Suppose thread A runs:  lock(&M); critical_region_A; unlock(&M);
and thread B runs: lock(&M); critical_region_B; unlock(&M);

The expected interleaving is:
(A1)(A2)(B1)(B1)(B1)...(B1)(A4) critical_region_A operations interleaved with (B1)s (A3)(B1)(B2) critical_region_B (B3)

However, the scheduler might choose to run thread B right after test (A1) causes thread A's next step to be (A2):
(A1)(B1)(B2)(B4)some critical_region B ops(A2)(A4) critical region A and B running CONCURRENTLY(BAD!!)....

What happened: In between the time thread A tested *M!=0 finding it false and the time A set *M to 1, thread B was scheduled and ALSO ran *M!=0 finding it false!! Hence, BOTH threads "think" the mutex is unlocked.

(This discussion formalises the remarks under Lock Variables, page 104.)

We will see how "strict alternation" maintains condition 1 at the expense of condition 3.

We will see that careful usage of essentially 3 variables enables Peterson's solution to achieve mutual exclusion without alternation in a system that merely has synchronous store operations.

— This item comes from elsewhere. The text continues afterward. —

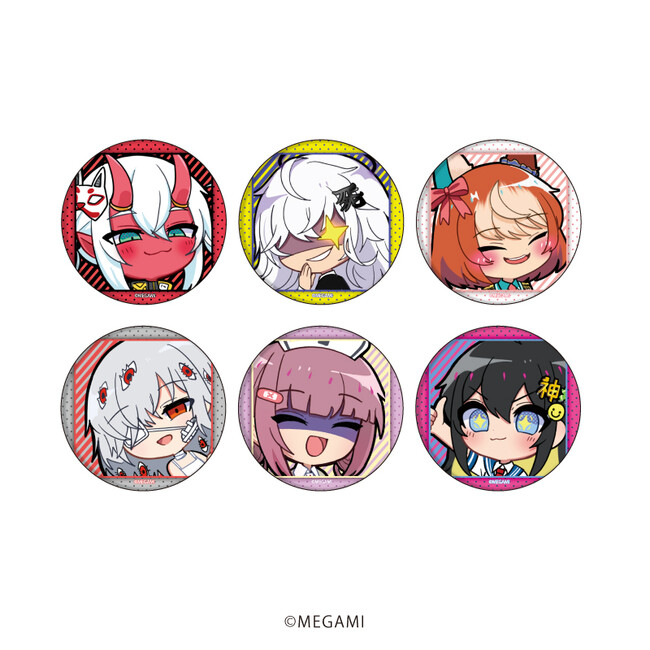 定番グッズの缶バッジは全6種がラインナップ。約65mmの大きめ缶バッジにお顔アップのイラストが描かれているので、『MEGAMI』たちの表情がより見やすくなっています。

Way 3: Use special atomic "test-and-set", "compare-and-exchange" etc. built into modern computer instruction sets to help OS writers implement synchronization
These instructions or particular sequences of instructions (for example, "lock;" followed by "cmpxhg" in the IA-32) do make 2 or more memory accesses but make the hardware prevent any concurrent access to the targeted memory locations between them. See the textbooks for information on how to use them.
Closing Remark Higher level synchronization functions (mutex locks, semaphores, monitors, wait queues) are typically provided in modern systems. They are provided for user level processes and threads by system call libraries; or by language features of interpreted languages like Java. Similar (but not THE SAME) functions are provided INSIDE OS kernels for use by other kernel code. They are used 2 ways: (1) To provide synchronization and mutual exclusion for the operation of the kernel. (2) To enable kernel programmers to implement the synchronization system calls called from the above libraries. These kernel functions will then be IMPLEMENTED with some of the 3 ways of doing low level synchronization described above. The kernel will also use store synchronous variables or special atomic synchronization instructions within spin locks that provide practical short intervals of mutual exclusion between kernel threads both on the same and on separate processors.